Мик был не очень хорошим учителем. Сколько он себя помнил, он всегда умел плавать и нырять и теперь начисто забыл о трудностях, с которыми когда-то сталкивался. Ему казалось просто невероятным, что кому-то приходится прилагать значительные усилия, чтобы опуститься на морское дно и провести там две-три минуты. Поэтому он терял терпение, когда его ученик не мог сразу погрузиться глубже, чем на десять сантиметров, и болтался на поверхности, словно пробка, размахивая ногами в воздухе.

Однако довольно быстро Джонни понял, что нужно делать. Он научилс до конца выдыхать воздух перед погружением: с полными легкими он превращался в воздушный шар, обладавший такой плавучестью, что уйти под воду было попросту невозможно. Далее он установил, что нужно поднимать ноги из воды, и тогда их ничем не поддерживаемая тяжесть толкнет его книзу. А уже под водой он сможет начать действовать ластами, с легкостью передвигаясь в любом направлении.

После нескольких часов тренировки тело его обрело ловкость. Джонни узнал, какое это наслаждение устремляться вниз и парить в мире невесомости, подобно космонавту на орбите. Научился делать петли и переворачиваться на месте или же, не шевеля и пальцем, дрейфовать на любой глубине. Однако он не мог оставаться под водой и половину того времени, какое способен был провести там Мик. Как и для всякого стоящего дела, тут требовались время и практика.
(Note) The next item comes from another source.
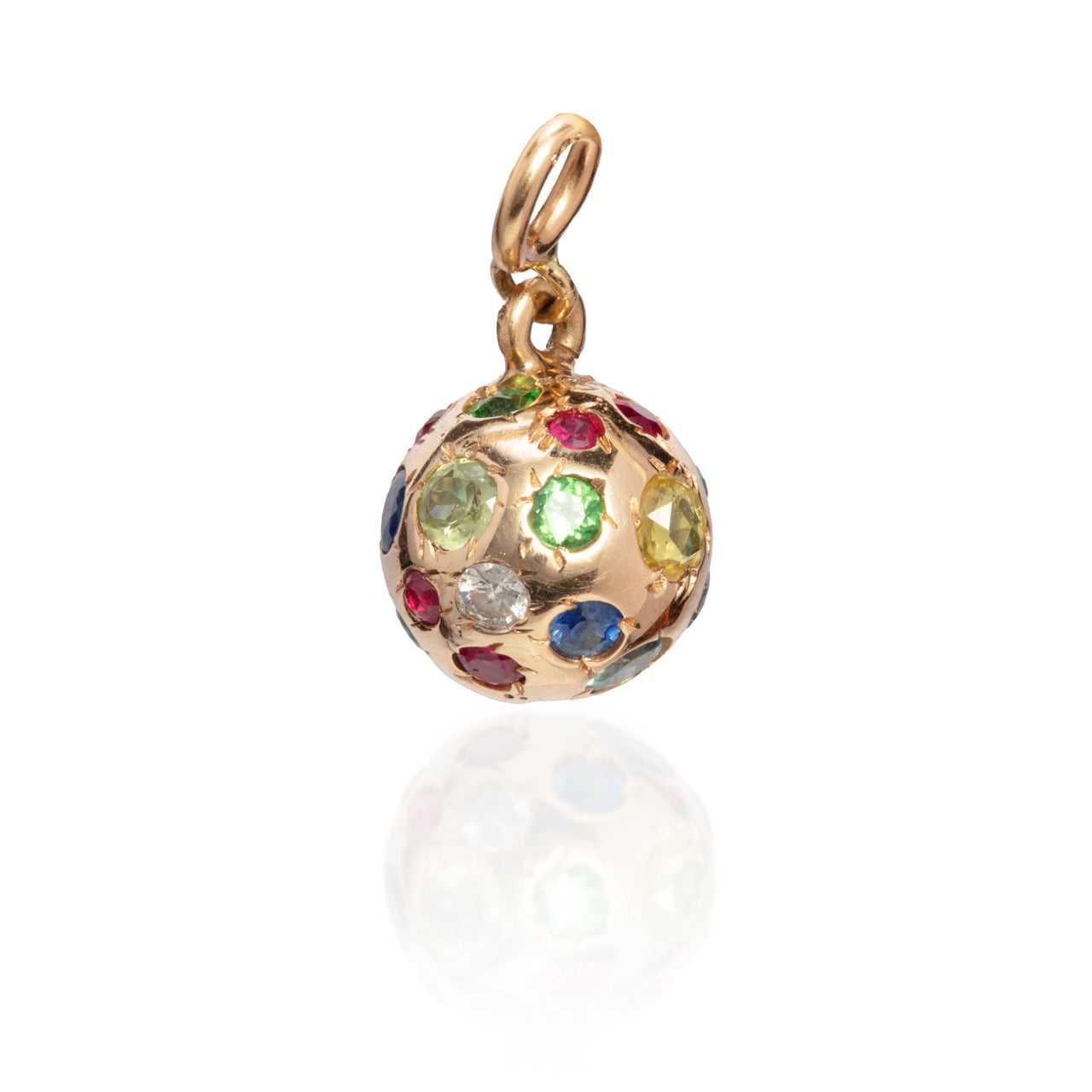 A dazzling little ball of warm 14k yellow gold filled with 1.5 carats of diamonds, emeralds, sapphires, rubies, tourmaline and blue topaz. Hang this from your favorite chain or clip it onto the clasp of a bracelet for some extra flair.

Он знал теперь, что время у него будет. Профессор Казан, вообще-то человек мягкого характера, когда было нужно, проявлял завидную твердость; пользуясь своим влиянием, он позаботился о Джонни, нажав на все кнопки. После заполнения бесконечных анкет Джонни был официально зачислен в штат островной станции. Тетя согласилась на это с величайшей готовностью и немедленно выслала ему те немногие вещи, которые имели дл него какую-то ценность. Теперь, когда он находился на другом конце света и мог беспристрастно подумать о своем прошлом, Джонни понял, что кое в чем виноват и сам. Разве он когда-нибудь прилагал усилия, чтобы стать членом семьи, в которую был принят? Он ведь знал, что его овдовевшей тетке приходилось нелегко. Вероятно, со временем, став постарше, он сумеет лучше разобраться во всех ее делах и затруднениях и, возможно, даже подружиться с ней. Но как бы то ни было, он ни на мгновение не жалел о том, что убежал из дому.

В жизни его открылась новая глава, никак не связанная с прошлым. Ему казалось, что раньше он только существовал, а не жил по-настоящему. Потеряв в раннем детстве тех, кого любил, он боялся привязаться к кому-нибудь снова. Хуже того — он стал подозрительным и замкнутым в себе. Но теперь, на острове, в дружной товарищеской семье, опрокинувшей перегородки его сдержанности, он менялся с каждым днем. Рыбаки были дружелюбны, добродушны и не слишком надрывались на работе. Да и зачем им было надрываться: в этих краях постоянно тепло и достаточно закинуть в море сеть, чтобы быть всегда сытым. Чуть не каждый вечер люди собирались на берегу, чтобы потанцевать, посмотреть кинофильм или поужинать всем вместе. Ну, а если лил дождь — здесь за час выпадало несколько сантиметров осадков, — сидели у телевизора. Можно было смотреть передачи откуда угодно: благодаря спутникам связи расстояние между Островом Дельфинов и любым городом Земли преодолевалось менее чем за полсекунды. Островитяне видели все, что мог предложить им мир, сохраняя при этом все преимущества обособленности. Они пользовались, в сущности, всеми благами цивилизации и страдали лишь от немногих ее пороков.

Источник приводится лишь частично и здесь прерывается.